> _MATERIAL PROVIDED_:
★ ★ ★ ★ ★

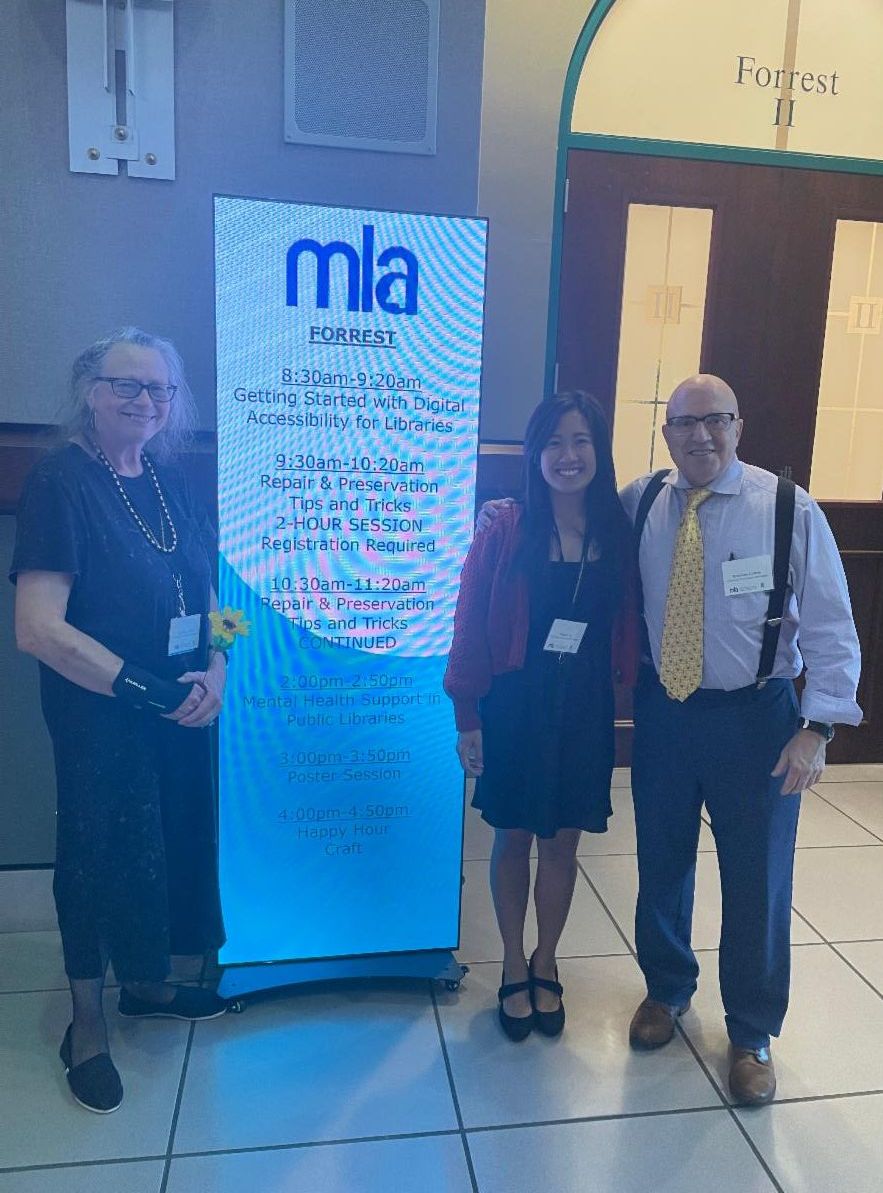 | | MISSISSIPPI LIBRARY ASSOCIATION | | Joyce Shaw, Megan Le, and Brennan Collins presented posters at the Mississippi Library Association Conference in Hattiesburg, MS on October 16th. One poster was a collaboration with the Marine Education Center (MEC) featuring a “Deep Water Ecology” bibliography for teenagers to young adults. The other poster featured a university library’s assistance for people with disabilities. | | |
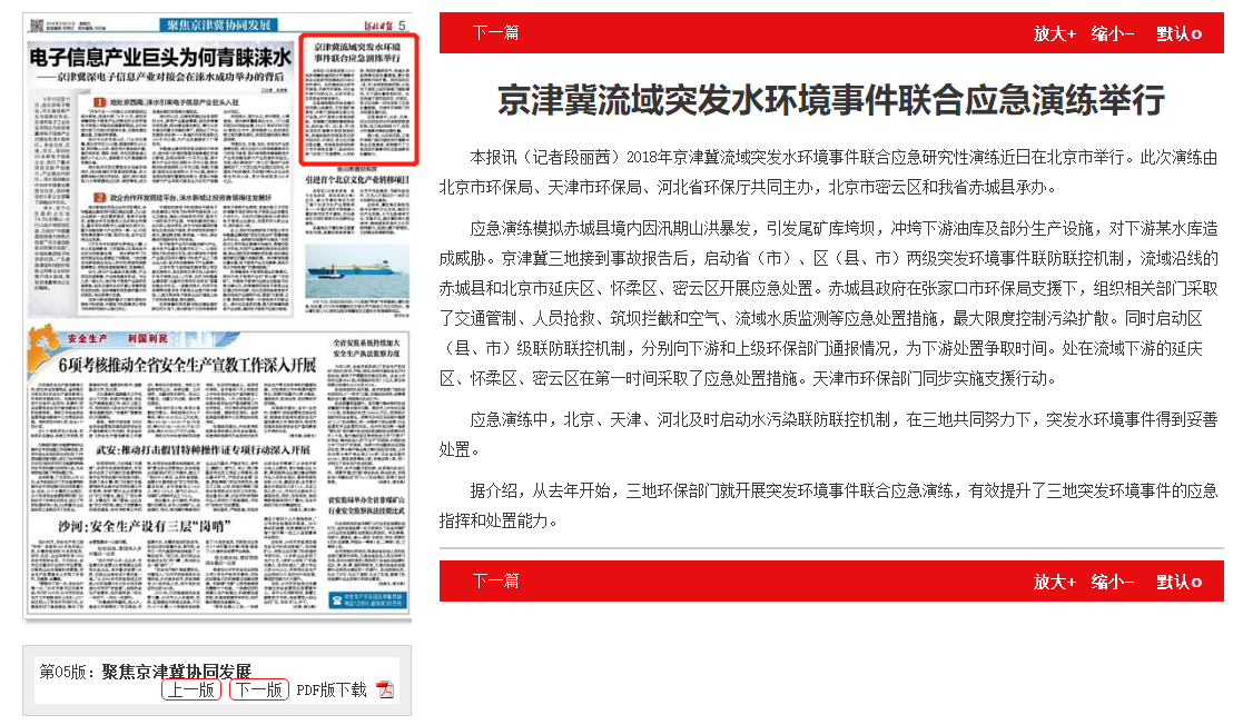 河北日报:京津冀流域突发水环境事件联合应急演练举行
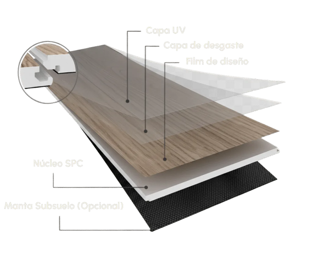 Los suelos vinÃlicos SPC (Stone Plastic Composite) son una solución de última generación con un núcleo ultrarresistente. Esta composición proporciona una estabilidad dimensional excepcional y una resistencia superior, ideal para zonas de alto tráfico.
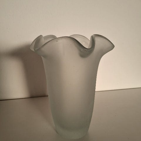 Vasen har en bølget kant og er dekoreret med blåt og hvidt glas. Den har en klar, detaljeret håndtag.,Afhentes i:,Røde Kors Glostrup (161),Bemærk at mail, chat og beskeder ikke besvares, og varen skal købes på knappen "Gå til varen"
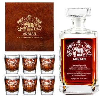 Karafka i 6 szklanek z grawerem PODZIĘKOWANIA STRAŻAKOWI ZA SŁUŻBĘ
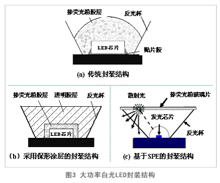(b)。但研究表明,當(dāng)熒光粉直接涂覆在芯片表面時(shí),由于光散射的存在,出光效率較低。有鑒于此,美國(guó)Rensselaer 研究所提出了一種光子散射萃取工藝(Scattered Photon Extraction method,SPE),通過(guò)在芯片表面布置一個(gè)聚焦透鏡,并將含熒光粉的玻璃片置于距芯片一定位置,不僅提高了器件可靠性,而且大大提高了光效(60%),如圖3(c)。
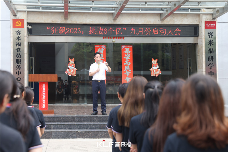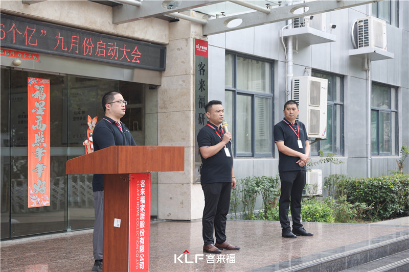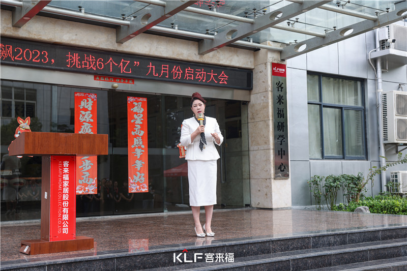 2023年9月4日上午,客來(lái)福家居9月啟動(dòng)大會(huì)于華東瑤海生產(chǎn)基地隆重召開(kāi),客來(lái)福家居股份有限公司董事長(zhǎng)尹其宏、總裁魏金華及全體客來(lái)福家人共同參與。
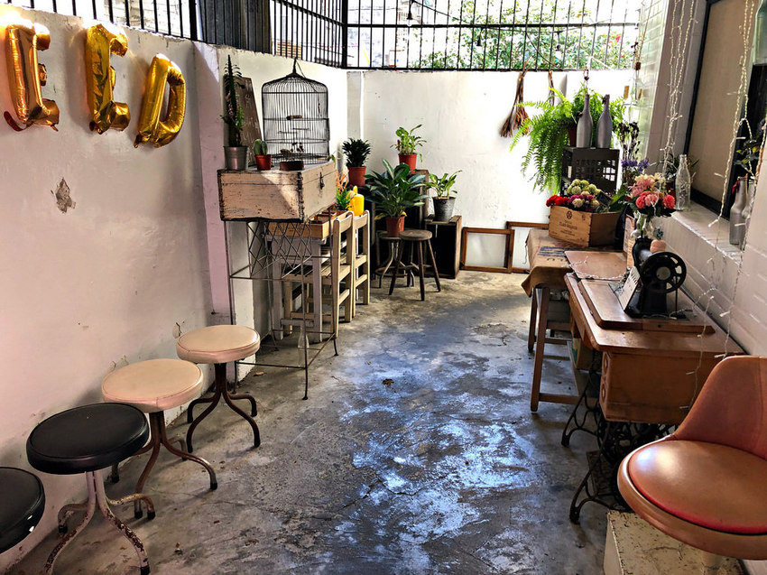 整間店都有一種小女孩的空間,以乾燥花搭配工業風來裝潢整間店
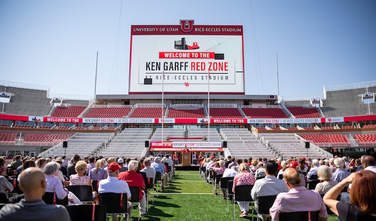 “This is a historic day,” athletic director Mark Harlan told the crowd of about 400, which included donors and supporters of the program. “They say things like, ‘If you build it, they will come.’ But we understand that they’re already coming to Rice-Eccles Stadium. What this allows is 4,500 more people to join the party. That’s an amazing thing.”

★ ★ ★ ★ ★

> _EXERCISE INSTRUCTIONS_:
The lines to set down run from the line with "Karafka i 6" up to and including the line with "整間店都有一種小女孩的空間,以乾燥花搭配工業風來裝潢整間店" in the entries above. Reproduce them exactly, with no pictures.

> _EXERCISE OUTPUT_:
 Karafka i 6 szklanek z grawerem PODZIĘKOWANIA STRAŻAKOWI ZA SŁUŻBĘ
(b)。但研究表明,當(dāng)熒光粉直接涂覆在芯片表面時(shí),由于光散射的存在,出光效率較低。有鑒于此,美國(guó)Rensselaer 研究所提出了一種光子散射萃取工藝(Scattered Photon Extraction method,SPE),通過(guò)在芯片表面布置一個(gè)聚焦透鏡,并將含熒光粉的玻璃片置于距芯片一定位置,不僅提高了器件可靠性,而且大大提高了光效(60%),如圖3(c)。
 2023年9月4日上午,客來(lái)福家居9月啟動(dòng)大會(huì)于華東瑤海生產(chǎn)基地隆重召開(kāi),客來(lái)福家居股份有限公司董事長(zhǎng)尹其宏、總裁魏金華及全體客來(lái)福家人共同參與。
 整間店都有一種小女孩的空間,以乾燥花搭配工業風來裝潢整間店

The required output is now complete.